La discreción y la capacidad de pasar desapercibida, sin la necesidad de destacar ni de alimentar su ego, caracterizaron a Ana Diosdado, una de las mejores dramaturgas de este país; y quizás fue precisamente eso lo que la hizo tan grande: dedicarse a trabajar en lo que realmente la hacía feliz, sin aspavientos ni exageraciones.

Ana Diosdado fue teatro, así, sin más. Su capacidad de crear era infinita, pero además lo hacía de una manera tan particular, convirtiendo la cotidianidad en el centro de sus historias, que la convirtió en imprescindible.
Aunque tuvo formación académica en el Liceo Francés y en la Universidad Complutense de Madrid, pronto se dio cuenta de que nada en este mundo le enseñaría más que un escenario. Debutó en el teatro con solo cinco años, y en un entorno que era más que una forma de ganarse la vida: sus padres, Enrique Diosdado e Isabel Gisbert, eran dos grandes figuras de la escena española, y su madrina era Margarita Xirgu. El destino se había escrito sin remedio.

En la compañía de su padre encontró al amor de su vida, el teatro, y allí también supo que, más que interpretarlas, lo que deseaba era crear historias.

En 1970 estrenó su primera obra teatral, Olvida los tambores, un éxito rotundo que fue llevado al cine y que le dio un sitio en el centro del panorama cultural español. Después llegarían títulos con la necesidad de reivindicar lo social como El okapi, Usted también podrá disfrutar de ella y, por supuesto, Los 80 son nuestros, convertida en retrato generacional y después en novela.

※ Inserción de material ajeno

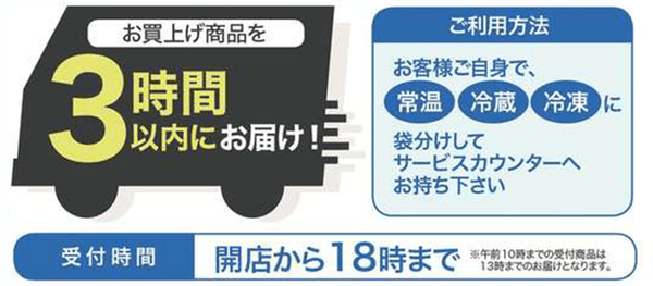 お客様が店舗でお買い物した商品を3時間以内にご自宅までお届けする「来店宅配サービス」を提供しております。

Su teatro era cercano, honesto, escrito desde lo cotidiano y dirigido a un público que podía verse reflejado en cada uno de sus personajes.

Poco después llegó a la televisión donde también manejó su lenguaje a la perfección y, en su doble faceta, escribió y protagonizó series tan valientes, en una España que salía de una dictadura de 40 años, como Anillos de oro (1983) , que abordó el divorcio que se acababa de legalizar en nuestro país, o Segunda enseñanza (1986) , con una mirada social y educativa nuevamente adelantada a su tiempo. Mucho después llegaría Las llaves de la independencia (2004), dejando claro que lo suyo no era casualidad y que todo aquello que escribía, no sabía hacerlo de otra manera que desde una emoción intensa pero natural.

Su faceta como novelista arrancó mostrando que era una autora necesaria: con 24 años fue finalista del Premio Planeta por En cualquier lugar, no importa cuándo… cuando los premios literarios eran eso, literarios.

También llegaron otros galardones en sus diferentes facetas como el Fotogramas de Plata o el Max de Teatro a su trayectoria que reconocieron una vida dedicada por completo a la cultura. Fue columnista en Diario 16 y ABC, y se convirtió en la primera mujer presidenta de la SGAE en 2001, rompiendo barreras que impedían avanzar a muchas mujeres.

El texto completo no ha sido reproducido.